▶ DATA
┏━━
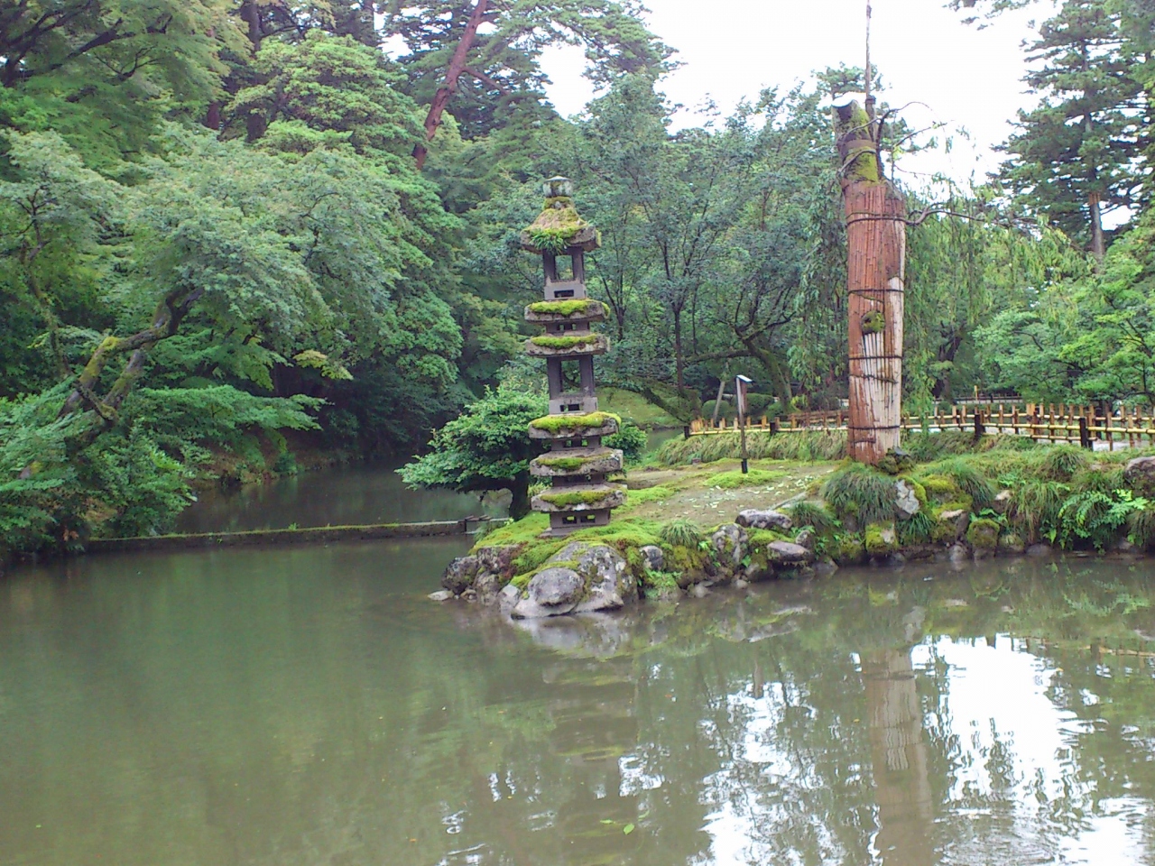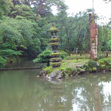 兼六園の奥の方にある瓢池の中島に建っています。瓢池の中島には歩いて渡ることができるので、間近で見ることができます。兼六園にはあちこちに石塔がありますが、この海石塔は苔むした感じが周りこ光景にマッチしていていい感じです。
┗━━
┏━━
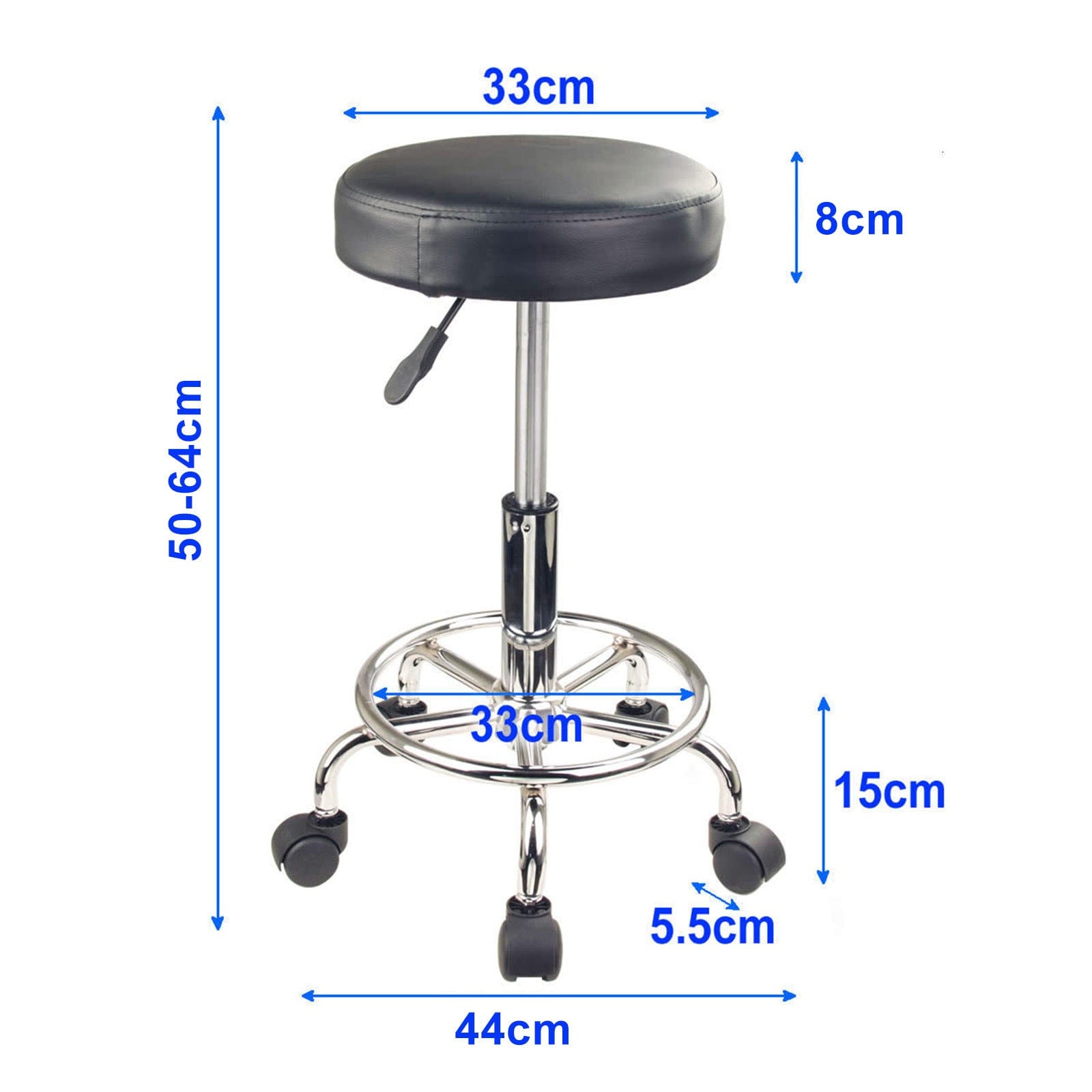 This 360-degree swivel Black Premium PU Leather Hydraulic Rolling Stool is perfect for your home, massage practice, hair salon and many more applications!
┗━━
┏━━
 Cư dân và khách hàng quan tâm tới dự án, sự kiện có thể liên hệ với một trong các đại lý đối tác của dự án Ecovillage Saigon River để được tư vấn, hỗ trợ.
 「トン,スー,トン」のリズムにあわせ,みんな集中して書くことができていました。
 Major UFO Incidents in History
┗━━
▶ WHAT YOU HAVE TO DO
When the line with "Cư dân và khách" is reached in the data above, begin copying, and stop after the line with "Major UFO Incidents in History"; copy each line exactly, both ends included.

▶ EXERCISE RESULT
 Cư dân và khách hàng quan tâm tới dự án, sự kiện có thể liên hệ với một trong các đại lý đối tác của dự án Ecovillage Saigon River để được tư vấn, hỗ trợ.
 「トン,スー,トン」のリズムにあわせ,みんな集中して書くことができていました。
 Major UFO Incidents in History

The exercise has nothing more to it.